-- RECORDS SHOWN --
----

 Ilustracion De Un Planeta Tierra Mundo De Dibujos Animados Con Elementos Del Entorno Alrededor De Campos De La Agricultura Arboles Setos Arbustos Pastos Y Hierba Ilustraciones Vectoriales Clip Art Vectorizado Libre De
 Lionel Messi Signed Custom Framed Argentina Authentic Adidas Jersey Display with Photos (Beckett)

----

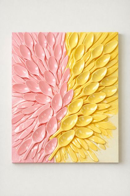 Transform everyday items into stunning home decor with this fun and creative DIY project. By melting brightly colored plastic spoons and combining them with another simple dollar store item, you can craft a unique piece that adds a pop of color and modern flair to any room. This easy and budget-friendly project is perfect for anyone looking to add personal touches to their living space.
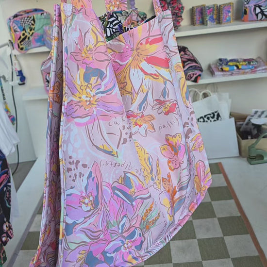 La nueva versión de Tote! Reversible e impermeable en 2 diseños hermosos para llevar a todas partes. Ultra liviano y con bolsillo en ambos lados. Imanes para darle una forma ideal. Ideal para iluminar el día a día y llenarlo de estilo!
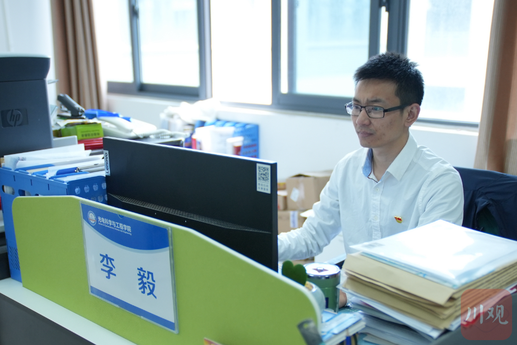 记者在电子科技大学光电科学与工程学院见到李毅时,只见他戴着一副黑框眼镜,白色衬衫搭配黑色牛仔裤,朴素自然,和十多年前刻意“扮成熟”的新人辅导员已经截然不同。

----

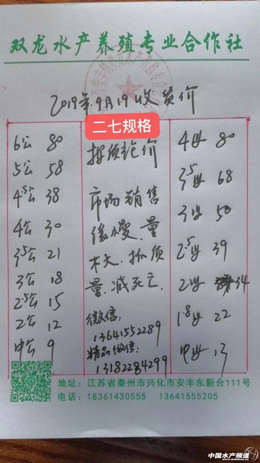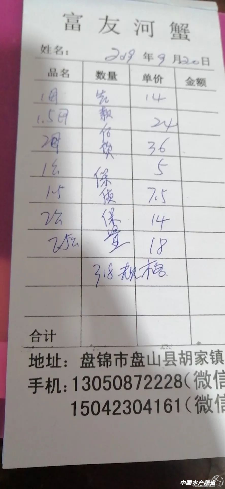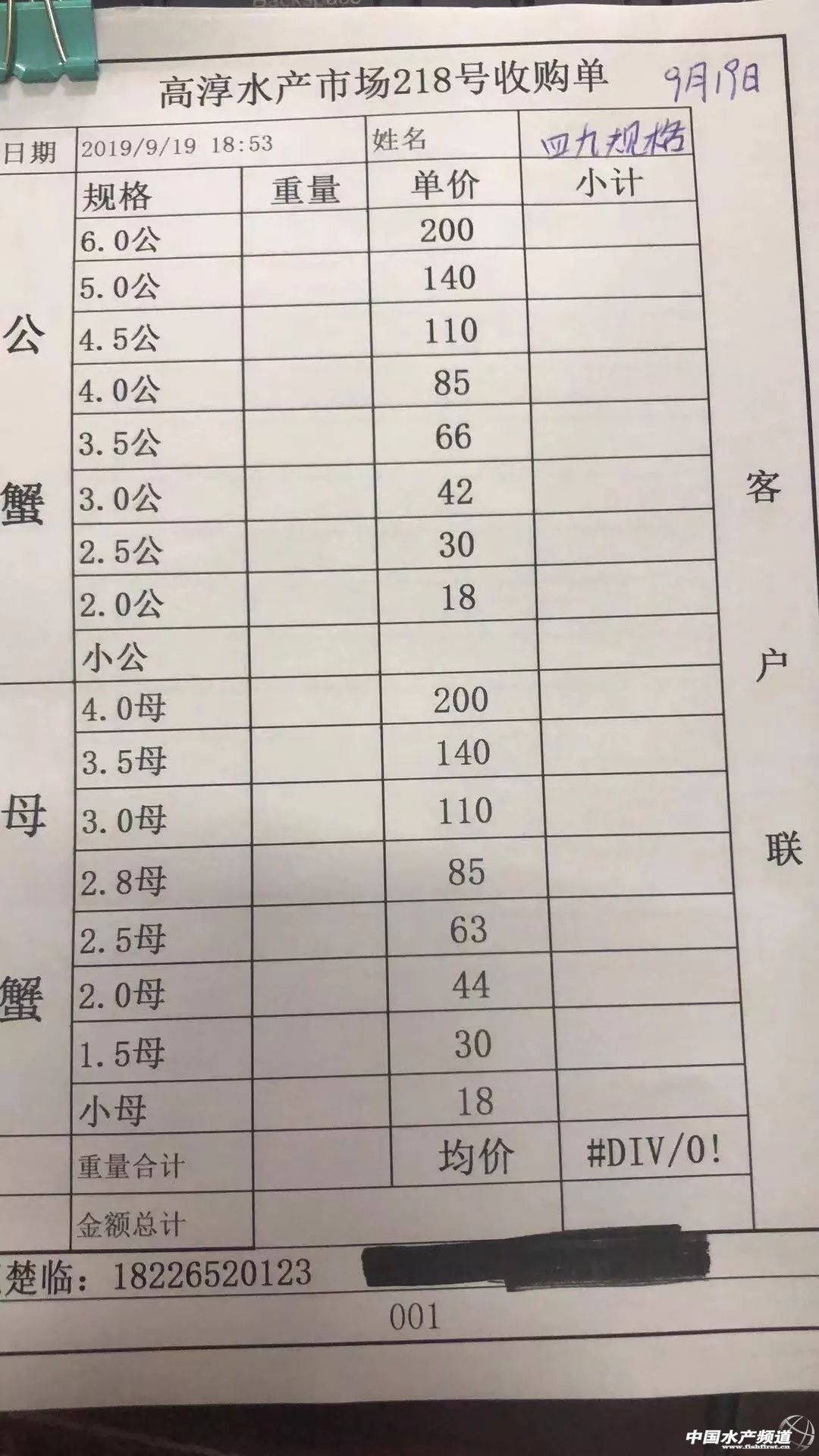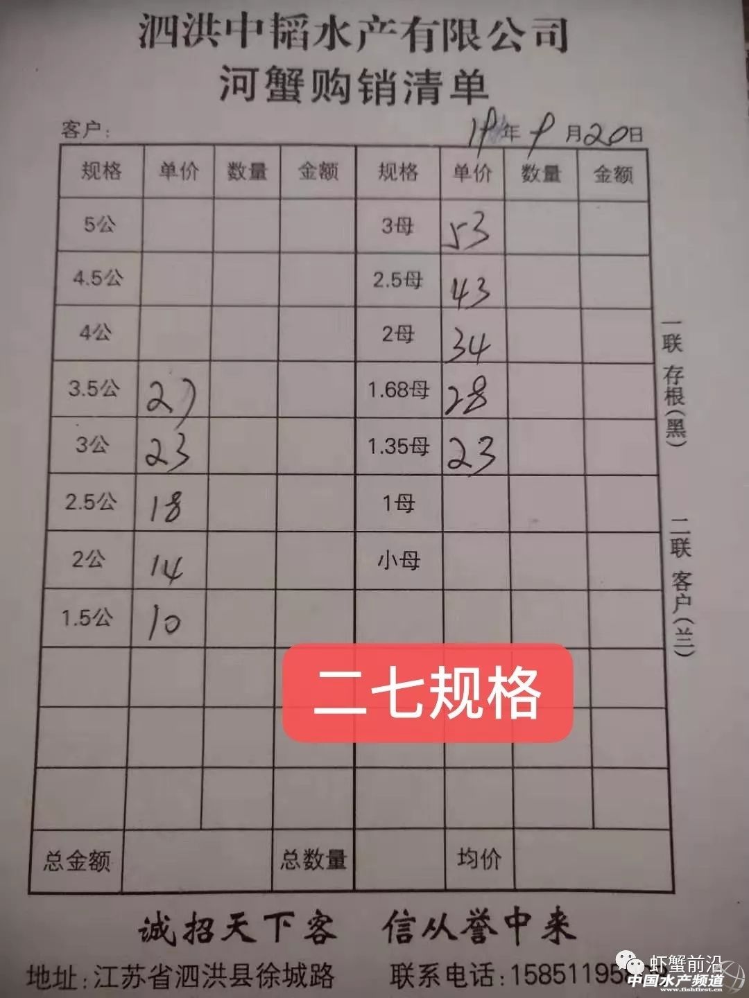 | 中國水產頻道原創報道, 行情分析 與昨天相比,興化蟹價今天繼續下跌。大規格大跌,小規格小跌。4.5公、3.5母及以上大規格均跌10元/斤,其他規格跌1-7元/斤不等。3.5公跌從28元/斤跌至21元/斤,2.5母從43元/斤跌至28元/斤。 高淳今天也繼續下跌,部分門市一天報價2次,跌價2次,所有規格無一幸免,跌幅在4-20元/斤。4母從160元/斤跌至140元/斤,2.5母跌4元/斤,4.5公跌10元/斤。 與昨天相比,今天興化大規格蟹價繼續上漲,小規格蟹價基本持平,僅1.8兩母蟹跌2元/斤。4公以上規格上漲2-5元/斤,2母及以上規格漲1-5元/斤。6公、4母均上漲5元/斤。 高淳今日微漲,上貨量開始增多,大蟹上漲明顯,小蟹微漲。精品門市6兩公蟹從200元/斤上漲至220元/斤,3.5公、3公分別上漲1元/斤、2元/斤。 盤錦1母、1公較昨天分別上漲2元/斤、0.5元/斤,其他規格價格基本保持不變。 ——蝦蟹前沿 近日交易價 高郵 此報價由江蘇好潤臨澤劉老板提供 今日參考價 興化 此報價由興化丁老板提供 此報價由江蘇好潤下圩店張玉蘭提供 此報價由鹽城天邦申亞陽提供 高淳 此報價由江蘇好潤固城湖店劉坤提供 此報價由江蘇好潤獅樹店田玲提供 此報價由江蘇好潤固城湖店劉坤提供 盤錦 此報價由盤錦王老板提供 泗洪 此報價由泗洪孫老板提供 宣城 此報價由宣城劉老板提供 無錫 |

----

Give back the records above exactly, limited to the lines between the one holding "Ilustracion De Un" and the one holding "Lionel Messi Signed", inclusive.

-- EXERCISE SOLUTION --
 Ilustracion De Un Planeta Tierra Mundo De Dibujos Animados Con Elementos Del Entorno Alrededor De Campos De La Agricultura Arboles Setos Arbustos Pastos Y Hierba Ilustraciones Vectoriales Clip Art Vectorizado Libre De
 Lionel Messi Signed Custom Framed Argentina Authentic Adidas Jersey Display with Photos (Beckett)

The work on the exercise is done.